The birth of a nation’s authority to control its coastal waters has been traced back to the sixteenth century. In the seventeenth century, the father of international law and doctrine on the freedom of the seas, Grotius, recognized the existence of a nation’s jurisdiction over the coastal waters that could be effectively controlled from the land. The extent to which a nation could control its coastal waters was largely based on the reach of its cannons on the shore. Thus, the 3 nautical mile (nm) limit of the territorial sea resulted from what is often referred to as the “cannon shot” rule. In the U.S., the creation of a territorial sea and contiguous zone date back to as early as the late 1700s in response to issues of national security and law enforcement at coastal areas, including a 1793 diplomatic note sent from Thomas Jefferson and legislation passed by Congress in 1799 to allow the boarding of foreign flag vessels within 12 nm from the coast. This zone was known as “customs waters” and was later called the “Contiguous Zone.” By 1930 the proprietary rights of the coastal state over the resources of the territorial sea was well established, provided it did not interfere with a vessel’s right of innocent passage. In 1945, President Truman issued a proclamation asserting rights to explore and exploit the oil and gas resources of the continental shelf outside of the 3 nm territorial sea. In 1953, the U.S. Congress enacted legislation over the federal and state control of the continental shelf. In 1958, international conventions were concluded in Geneva on the territorial sea, contiguous zone and continental shelf. The concept of a fishery conservation zone was born in another Truman Proclamation but Congress did not enact laws regarding a 200 nm fishery conservation zone until 1976. This evolved into a zone whereby a coastal nation had exclusive control over all economic exploration and exploitation of the natural resources off its coast. By 1982, the custom of asserting a 12 nm territorial sea, 24 nm contiguous zone, and 200 nm EEZ was codified in the United Nations Convention on the Law of the Sea (UNCLOS).

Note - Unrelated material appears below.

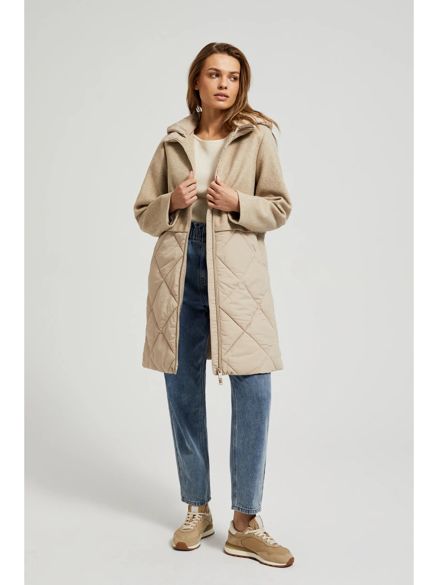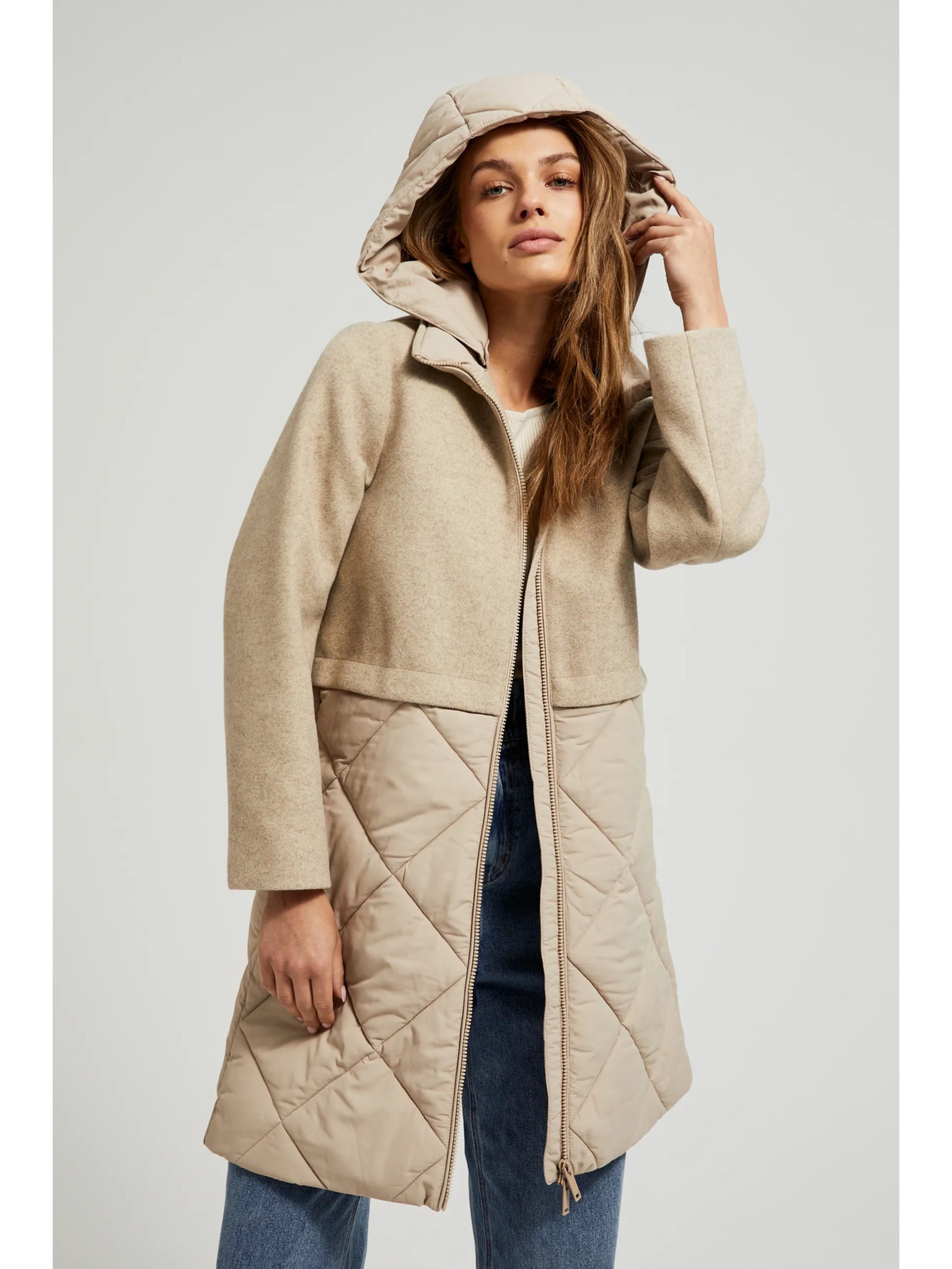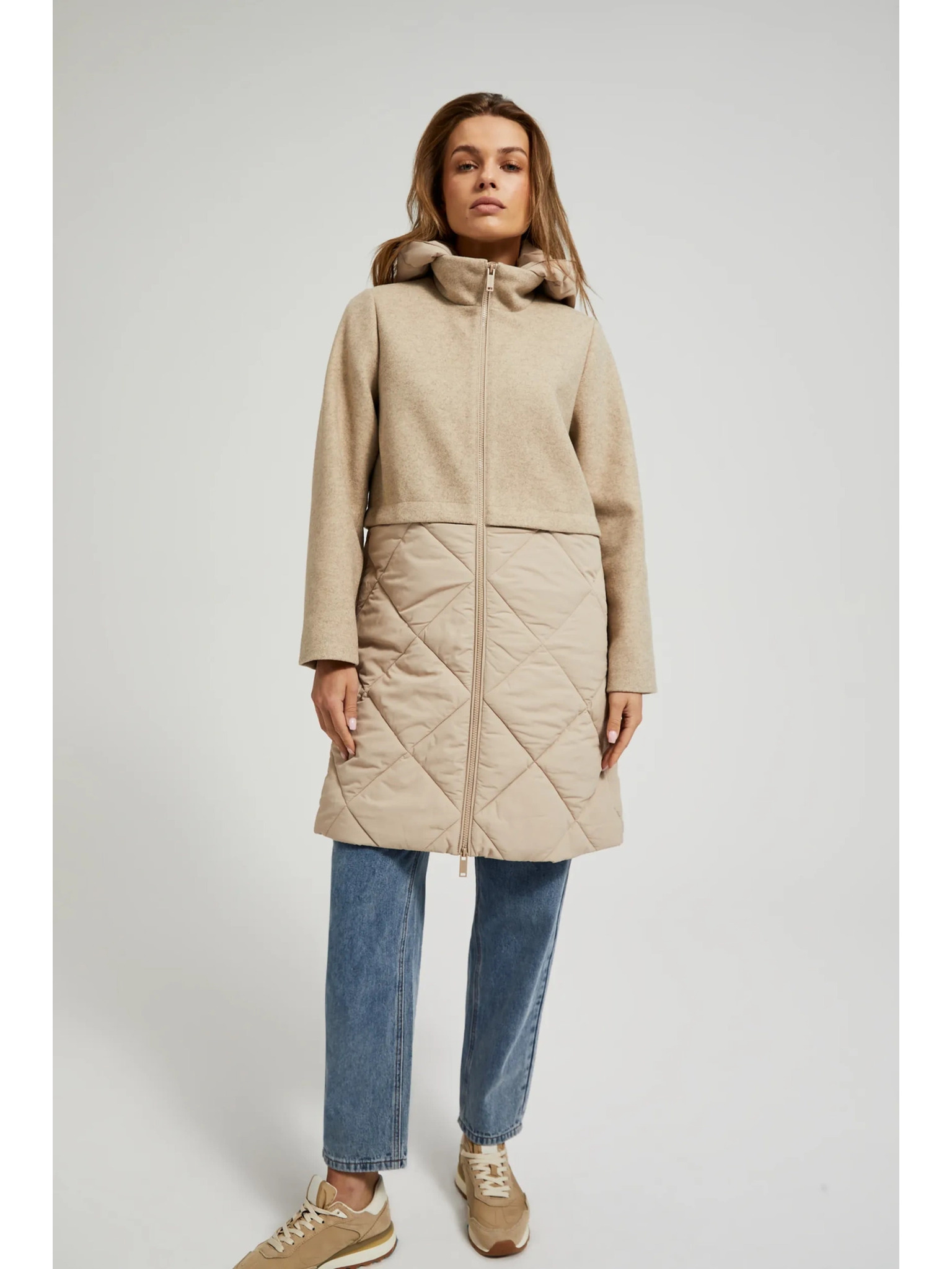 Jakna z odstranljivim kapuco bež Moodo
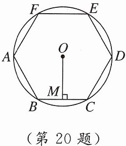 20. 如图,正六边形ABCDEF内接于$\odot O$,$\odot O$的半径为6,则这个正六边形的边心距OM的长为(

U.S. CONTROL IN MARITIME ZONES VS RIGHTS OF FOREIGN STATES
The U.S. proclaimed a 12 nm territorial sea in 1988, a 24 nm contiguous zone in 1999, and a 200 nm EEZ in 1983, consistent with customary international law as codified in UNCLOS. This customary law is a balanced compromise between a flag State’s interest in maritime shipping and a coastal State’s interest in protecting and managing its coastal waters. The U.S. sovereignty over its terrestrial lands extends to its internal waters and territorial sea, including the airspace above and the seabed below. Subject to ancient customs where nations should provide safe harbor to ships in danger or distress (force majure), the U.S. may restrict entry or travel through its internal waters. The U.S. may also prohibit the entry into portions of the territorial sea, provided there is still an area that allows for vessels to exercise their right of innocent passage through the territorial sea. “Passage” through the territorial sea must be continuous and expeditious, although that may include stopping and anchoring under certain circumstances. While warships are generally immune from laws and regulations, the U.S. has the right to require foreign warships comply with U.S. laws. If they don’t, the U.S. may order the foreign warship to leave its territorial sea.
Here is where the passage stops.